Brief:
Down to the last line, set down the material below exactly; skip the pictures.

Stored data:
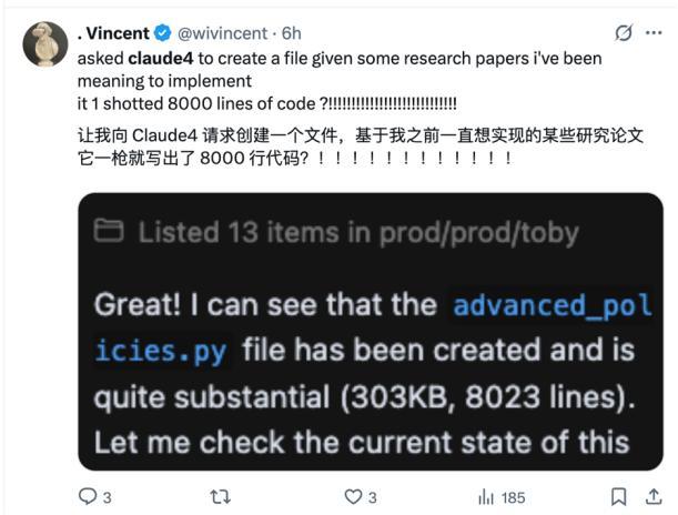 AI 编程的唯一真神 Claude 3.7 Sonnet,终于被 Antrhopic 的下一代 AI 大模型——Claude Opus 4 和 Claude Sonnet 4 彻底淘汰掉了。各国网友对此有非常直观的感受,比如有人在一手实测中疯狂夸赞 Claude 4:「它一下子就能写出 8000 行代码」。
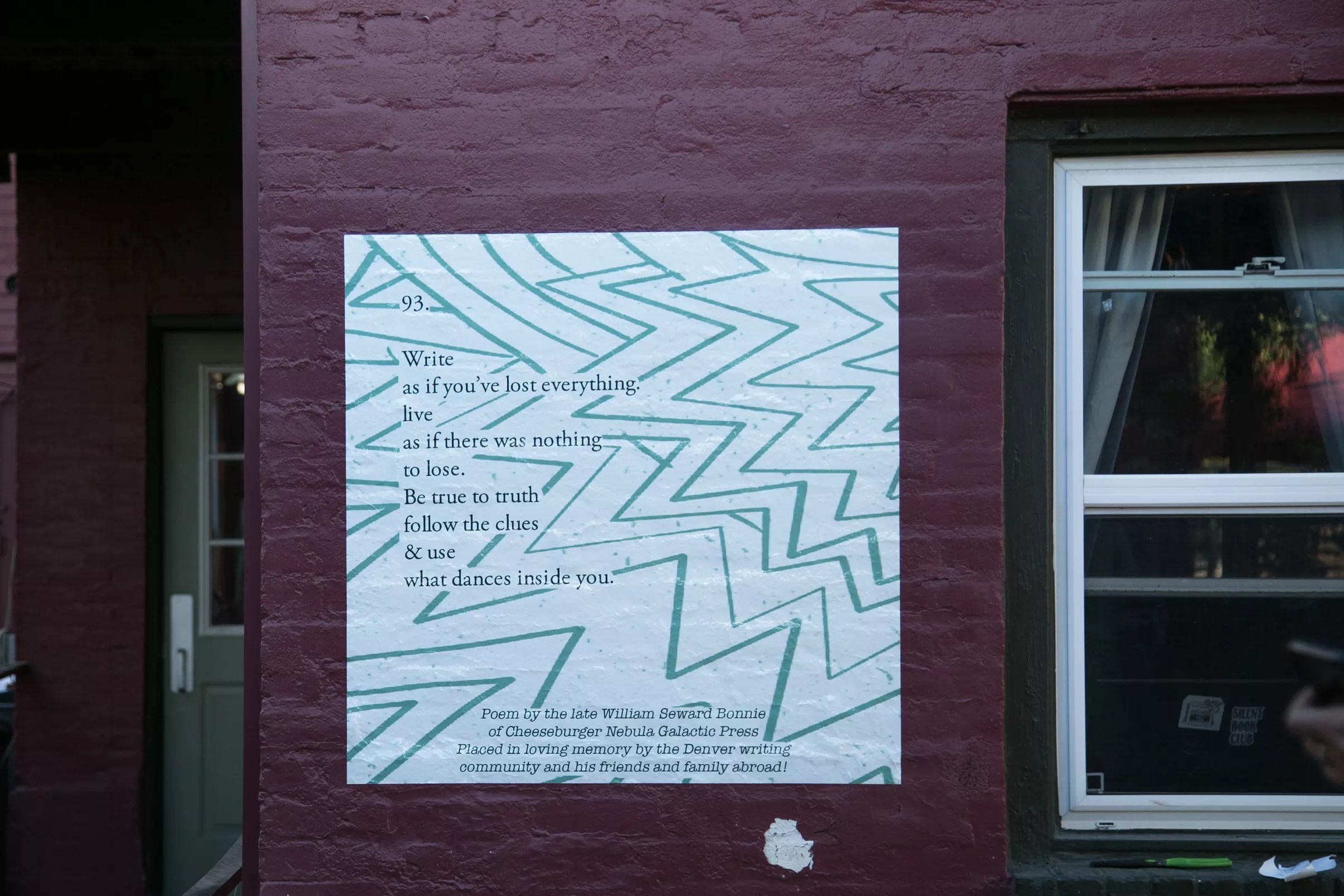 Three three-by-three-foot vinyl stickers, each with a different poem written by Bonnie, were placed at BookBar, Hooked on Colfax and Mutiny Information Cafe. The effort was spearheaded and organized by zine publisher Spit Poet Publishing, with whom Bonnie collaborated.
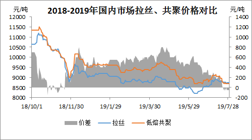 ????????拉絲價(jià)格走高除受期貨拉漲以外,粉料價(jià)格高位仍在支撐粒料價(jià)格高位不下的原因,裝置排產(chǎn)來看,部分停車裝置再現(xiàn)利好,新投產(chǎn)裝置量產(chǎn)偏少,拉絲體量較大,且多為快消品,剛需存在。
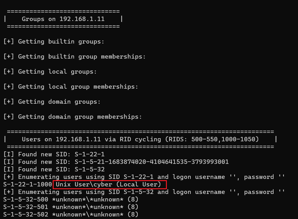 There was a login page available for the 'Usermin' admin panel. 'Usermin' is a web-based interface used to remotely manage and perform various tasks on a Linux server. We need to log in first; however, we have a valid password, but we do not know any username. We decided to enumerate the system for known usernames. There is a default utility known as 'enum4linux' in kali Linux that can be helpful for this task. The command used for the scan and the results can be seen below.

Output for this exercise:
 AI 编程的唯一真神 Claude 3.7 Sonnet,终于被 Antrhopic 的下一代 AI 大模型——Claude Opus 4 和 Claude Sonnet 4 彻底淘汰掉了。各国网友对此有非常直观的感受,比如有人在一手实测中疯狂夸赞 Claude 4:「它一下子就能写出 8000 行代码」。
 Three three-by-three-foot vinyl stickers, each with a different poem written by Bonnie, were placed at BookBar, Hooked on Colfax and Mutiny Information Cafe. The effort was spearheaded and organized by zine publisher Spit Poet Publishing, with whom Bonnie collaborated.
 ????????拉絲價(jià)格走高除受期貨拉漲以外,粉料價(jià)格高位仍在支撐粒料價(jià)格高位不下的原因,裝置排產(chǎn)來看,部分停車裝置再現(xiàn)利好,新投產(chǎn)裝置量產(chǎn)偏少,拉絲體量較大,且多為快消品,剛需存在。
 There was a login page available for the 'Usermin' admin panel. 'Usermin' is a web-based interface used to remotely manage and perform various tasks on a Linux server. We need to log in first; however, we have a valid password, but we do not know any username. We decided to enumerate the system for known usernames. There is a default utility known as 'enum4linux' in kali Linux that can be helpful for this task. The command used for the scan and the results can be seen below.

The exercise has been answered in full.